▶ [Information provided]
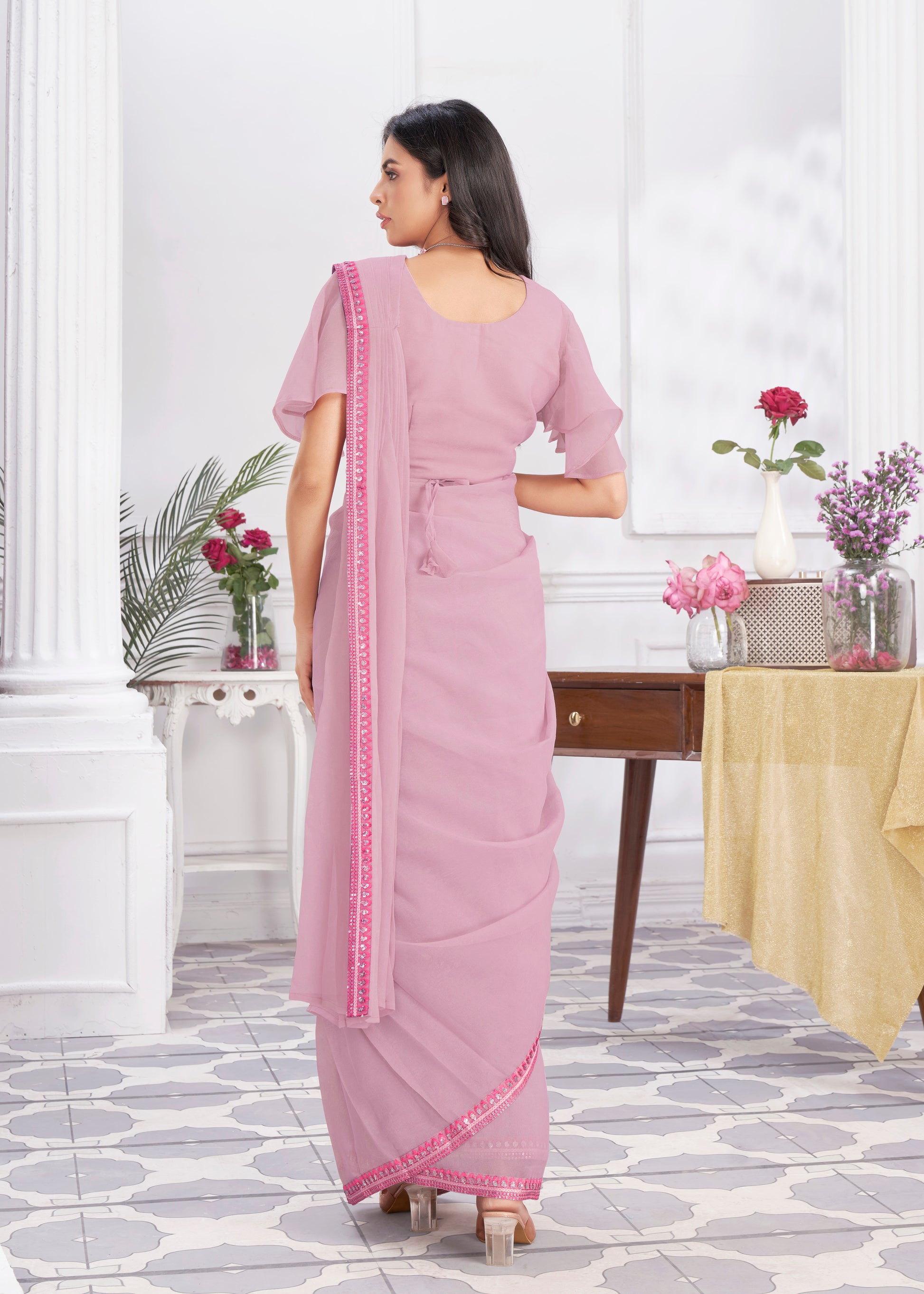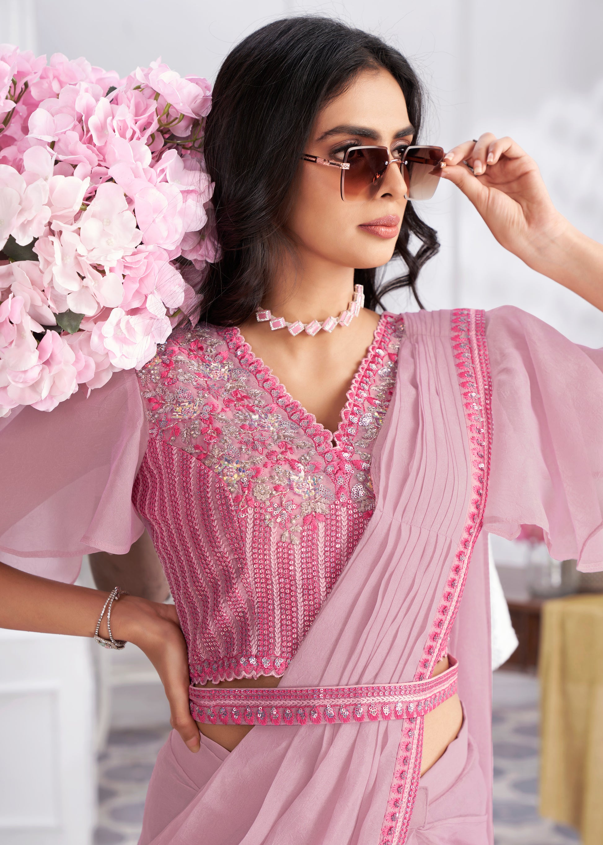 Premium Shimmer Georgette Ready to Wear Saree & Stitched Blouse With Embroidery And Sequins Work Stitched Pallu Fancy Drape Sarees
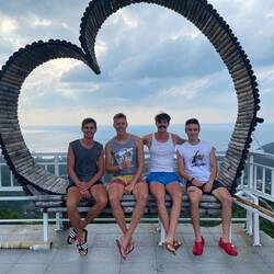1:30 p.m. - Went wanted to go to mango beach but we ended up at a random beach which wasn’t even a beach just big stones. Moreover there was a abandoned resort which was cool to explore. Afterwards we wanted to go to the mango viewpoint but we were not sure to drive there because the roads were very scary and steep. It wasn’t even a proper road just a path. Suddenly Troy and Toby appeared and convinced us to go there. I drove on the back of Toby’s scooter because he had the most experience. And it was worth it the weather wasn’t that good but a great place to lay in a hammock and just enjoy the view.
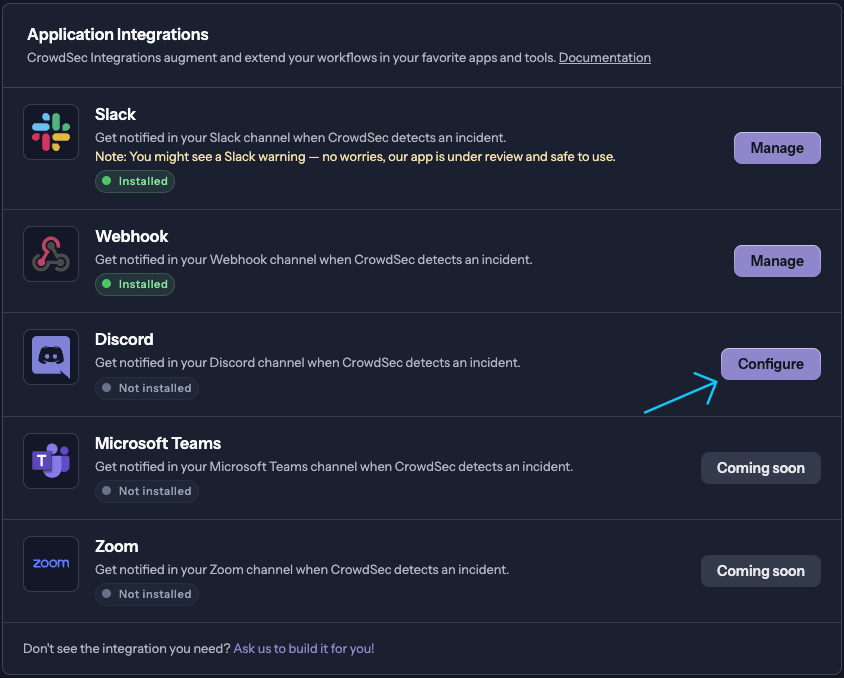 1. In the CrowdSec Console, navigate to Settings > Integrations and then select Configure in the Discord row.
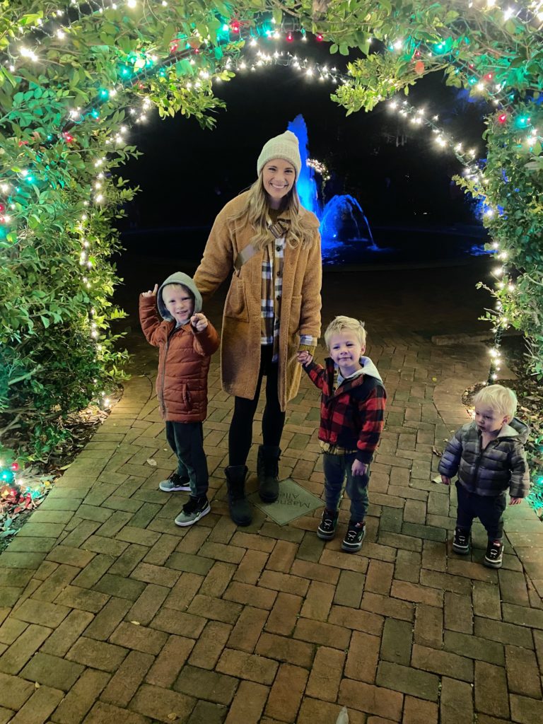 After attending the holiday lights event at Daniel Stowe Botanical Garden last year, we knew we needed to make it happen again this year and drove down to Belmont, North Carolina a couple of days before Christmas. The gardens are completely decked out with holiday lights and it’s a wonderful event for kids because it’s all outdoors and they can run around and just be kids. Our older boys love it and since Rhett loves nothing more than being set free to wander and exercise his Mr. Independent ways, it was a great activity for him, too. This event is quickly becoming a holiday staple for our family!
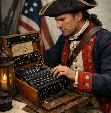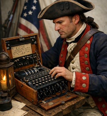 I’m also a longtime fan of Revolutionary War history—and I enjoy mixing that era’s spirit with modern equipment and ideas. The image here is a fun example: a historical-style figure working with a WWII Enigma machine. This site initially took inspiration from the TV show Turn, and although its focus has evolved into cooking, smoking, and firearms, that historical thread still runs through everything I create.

▶ [Instructions to follow] Among the entries above, take the lines from the one with "1:30 p.m. - Went" through the one with "After attending the" and retype them exactly, leaving out the pictures.

▶ [Written response]
1:30 p.m. - Went wanted to go to mango beach but we ended up at a random beach which wasn’t even a beach just big stones. Moreover there was a abandoned resort which was cool to explore. Afterwards we wanted to go to the mango viewpoint but we were not sure to drive there because the roads were very scary and steep. It wasn’t even a proper road just a path. Suddenly Troy and Toby appeared and convinced us to go there. I drove on the back of Toby’s scooter because he had the most experience. And it was worth it the weather wasn’t that good but a great place to lay in a hammock and just enjoy the view.
 1. In the CrowdSec Console, navigate to Settings > Integrations and then select Configure in the Discord row.
 After attending the holiday lights event at Daniel Stowe Botanical Garden last year, we knew we needed to make it happen again this year and drove down to Belmont, North Carolina a couple of days before Christmas. The gardens are completely decked out with holiday lights and it’s a wonderful event for kids because it’s all outdoors and they can run around and just be kids. Our older boys love it and since Rhett loves nothing more than being set free to wander and exercise his Mr. Independent ways, it was a great activity for him, too. This event is quickly becoming a holiday staple for our family!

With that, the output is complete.